We just had failed upgrades on two of our mongodb replica set clusters.

Both are setup as such.
1 arbiter, 2 replicaset members.

virtual/mapped memory went from 3-7GB, to immediate 34GB one one replica set, and 16GB on another. Both sets of boxes have 4GB memory and 8GB swap

on version 1.8.1, same data, with active traffic.

18180 root 4 45 0 3522M 1999M cpu/13 4:02 6.25% mongod

on version 2.0.3, same data, same node, with active traffic

PID USERNAME LWP PRI NICE SIZE RES STATE TIME CPU COMMAND
11752 root 92 59 0 34G 1883M cpu/11 13:19 7.25% mongod

all are running under solaris zones ( joyent ), but are just regular joyent slices.

after about 30 minutes of traffic, mongod's would crash. and replica fail over would continue, back and forth.

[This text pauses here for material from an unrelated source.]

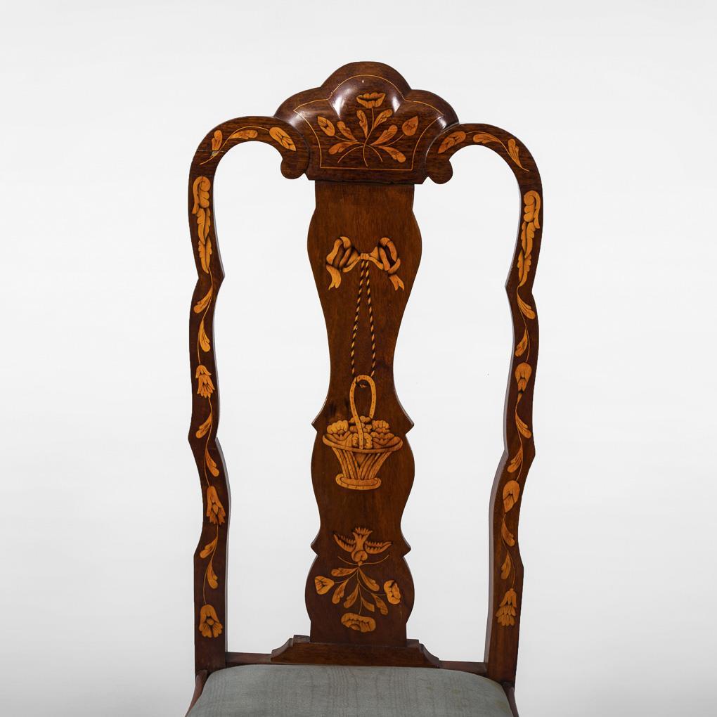 4 upholstered armchairs with center board in style-typical curved form with bow and flower marquetry in Dutch marquetry style, upholstery with blue, partly floral patterned cover. Some signs of age/use, upholstery and cover supplemented and with defects.

We were upgrading to 2.0.3 to try to address the constant fail over issue. Performance is fine, so that's why we've kept the boxes at 4GB, our active data set is low. ( on disk data is about 10GB on both).

this is in 64bit



 Comments   
Comment by Ian Whalen (Inactive) [ 13/Jul/12 ]

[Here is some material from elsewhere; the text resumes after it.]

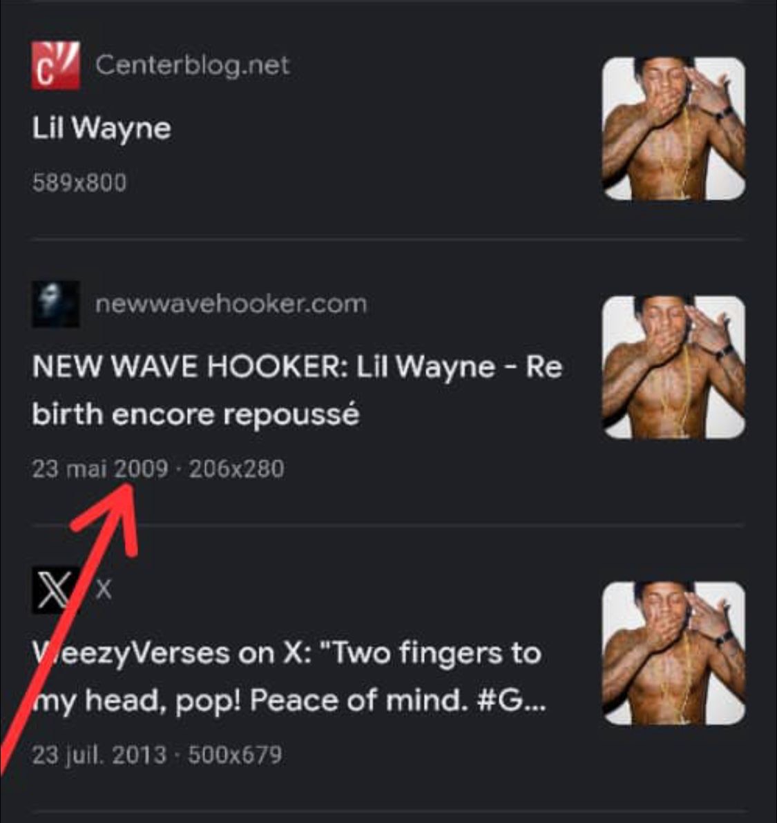 Légende : Capture d’écran montrant l’ancienneté de la photo de Lil Wayne
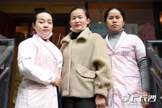 参与救人和帮忙救火的美容院工作人员刘女士(中)、黄女士(左)和阳女士。

@javier I'm closing this now, but please reopen if you can attach further logs or provide any further info from the sun debugger.

Comment by Dwight Merriman [ 03/Mar/12 ]

can you post the end of a log with a little more detail. if there is more. i see the ' terminate() called, printing stack:' above but nothing else. so wondering what is up.

this is almost surely sun specific. we will fix but could take a little time without more detail.

running in the sun debugger would be interesting, or chatting with joyent support too.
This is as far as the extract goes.